Buy Condos Where The Financial Districts Are

I’ve picked the wrong profession. Alas, if my mother only wanted me to be a banker and read to me the unabridged version of Scrooge (where he doesn’t feel remorse), I coulda shoulda woulda been rich.

It appears that the majority of the super-rich, the top 0.1% (or top 1/1000), has a propensity to be from the banking sector. This group forms the largest job based income generation of the super-rich.
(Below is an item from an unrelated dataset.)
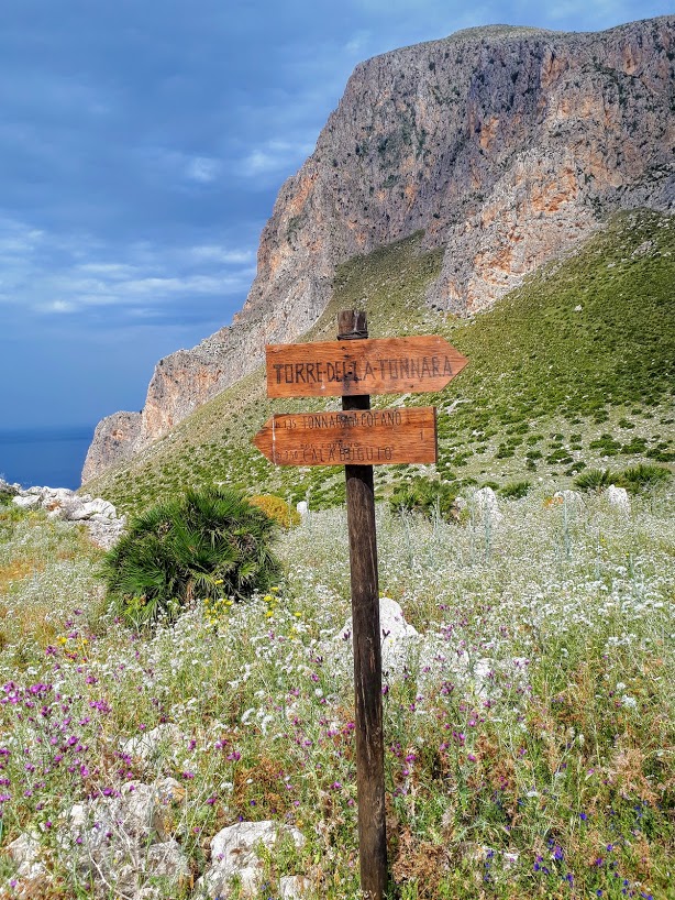Na terenie góry utworzono rezerwat przyrody Monte Cofano – spotkać tu możemy m.in. rzadkie gatunki ptaków i roślin. Ja do ptaków i roślin nic nie mam, ale szukam raczej solidnej porcji mozołu 🙂 Wszystko wskazuje na to, że jestem w dobrym miejscu. Pobieżna lektura blogów i informacji o szlaku na Monte Cofano powoduje nawet, że miny trochę nam rzedną. Czytamy, że to szlak dla osób doświadczonych, że podczas wspinaczki trzeba użyć umocowanej na szlaku liny, że to szlak „ekstremalnie niebezpieczny i wymagający”. Znajdujemy też dramatyczną relację pełną „potu, łez, strachu, bólu, adrenaliny, radości i oszałamiających widoków”. No nieźle – teraz już nie jestem tak pewna, czy chcę tam iść. Z mozołem się jednak nie dyskutuje, postanawiamy spróbować, a w przypadku napotkania jakichś nadludzkich trudności – po prostu zawrócić. Spodziewam się trudności w stylu tatrzańskich Granatów, Świnicy czy Kościelca, adrenalina przyjemnie buzuje we krwi, choć jest też nutka niepewności. Cóż, po prostu tam chodźmy i sprawdźmy, na ile nas stać 🙂

Indeed, it should be hard to be poor for even when you mess up people will still give you $20.3 billion dollars as a reward.

Taking a slightly different story line – both Toronto, Manhattan and Brooklyn have shown tremendous growth in condominium sales, both regular cost (which still can be half a million and more), and the ultra-expensive.

Which makes me think – if the richest group of people are from the banking sector, and they have collectively almost 40% of the nation’s wealth, and they like living near work; then the safest bet for finding condominiums values that will perform better in the overall economy (they still go down in poor times, just not as much) will be in their neighbourhood. This likely explains the current condominium craze in financial centres – where condo sales and cost per foot2/m2 is setting new records, while outside of financial areas condo prices remain stagnant or drop.

We’re entering a new consolidation of wealth – and it will reflect strongly in the housing in the next few years. Condominium prices will perform above average in the financial hearts of the nation.